Prezydent przeprasza naród
Stan wojenny – pierwszy od prawie pół wieku – nie potrwał jednak długo. Mimo tego, że wojsko próbowało do tego nie dopuścić, 190 posłom udało się dostać do budynku Zgromadzenia Narodowego, gdzie jednogłośnie przegłosowali jego zniesienie. Yoon nie miał innego wyjścia i o wpół do piątej nad ranem wycofał się z deklaracji, która go wprowadziła.
Teraz prezydent przeprosił za to, co zrobił. Ogłoszenie tego stanu wojennego zostało zrobione z powodu mojej desperacji. Ale w trakcie jego wprowadzania, spowodował strach i niewygody dla społeczeństwa. Jest mi z tego powodu bardzo przykro i szczerze przepraszam osoby, dla których musiał to być szok – powiedział w krótkim przemówieniu nadanym przez koreańskie telewizje. Obiecał też, że więcej tego nie zrobi. Dodał, że pozwoli swojej partii na wytyczenie kursu, który przeprowadzi ich państwo przez obecny kryzys polityczny – łącznie z jego dalszym losem.
Opozycja chce go usunąć ze stanowiska
Gdy tylko odwołano stan wojenny, opozycja od razu rozpoczęła starania o odwołanie go ze stanowiska. We wspólnym wniosku o impeachment oskarżyli go o próbę buntu. Wpływowe Stowarzyszenie Koreańskiej Palestry, w skład którego wchodzi 30 tys. prawników, zapowiedziało, że prezydent usłyszy zarzuty insurekcji nawet, jeśli parlament i Sąd Konstytucyjny nie usuną go ze stanowiska.
Na razie wszystko wskazuje, że nie zostanie poddany impeachmentowi. Jak donoszą media, posłowie partii prezydenta opuścili budynek parlamentu przed głosowaniem nad impeachmentem. Opozycja żegnała ich okrzykami zdrajcy, wracajcie! i przekleństwami. Na sali został tylko jeden poseł PPP, Ahn Cheol-soo, który wcześniej deklarował, że poprze wniosek opozycji, a kolejny wrócił przed głosowaniem. To oznacza, że nie ma on szans na przyjęcie, bo do większości 2/3 głosów musiałby być poparty przez co najmniej ośmiu posłów PPP.

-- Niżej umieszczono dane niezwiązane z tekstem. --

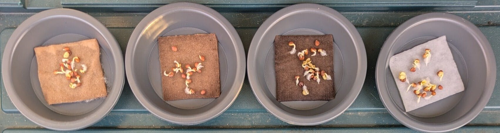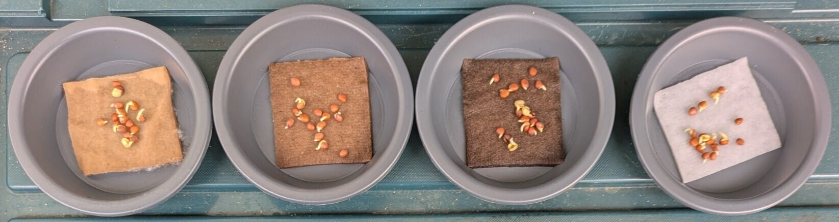 2026/03/09 10:00植害確認を目的としたかいわれスプラウト発芽試験の48時間経過です。前回の24時間時点では明確な発芽(根の突出)は確認できませんでしたが、48時間経過後、全区で発芽が確認されました。現在の状態を写真で共有します。48時間時点の状況播種から48時間経過し、・各区で根の突出(発芽)が確認・種子の溶解や腐敗は確認されず・根の褐変などの薬害症状もなし現時点では明確な植害症状は確認されていません。発芽の揃い方や根の伸長速度には区ごとの違いが見られ始めていますが、いずれの区でも正常な発芽が進んでいます。試験区ごとの印象① 腐植酸55%発芽が揃い始め、根の伸長が確認されています。② アルギン酸16%保水性が高く、湿潤状態が安定。発芽も正常に進行しています。③ 腐植酸70%色調は濃いものの、発芽・根の状態ともに異常は見られません。④ 水(対照区)標準的な発芽進行。この試験の目的この試験は「効果を見る試験」ではなくまず資材による植害(害)がないことの確認を目的としています。発芽段階での安全性が確認できなければ、次の作物試験には進めないためです。今後の観察引き続き・発芽率・根の伸長・異常個体の有無を観察していきます。なお、詳細な数値データについては支援していただいた方へ共有予定です。 もっと見る

Opozycja zadeklarowała już, że się nie podda i ponownie złoży wniosek o jego impeachment w środę. Jeżeli przejdzie, to Yoon zostanie zawieszony w obowiązkach, a Sąd Konstytucyjny będzie musiał zdecydować, czy zostanie usunięty ze stanowiska. Jeżeli tak się tanie, to wybory jego następcy będą musiały mieć miejsce w terminie do 60 dni.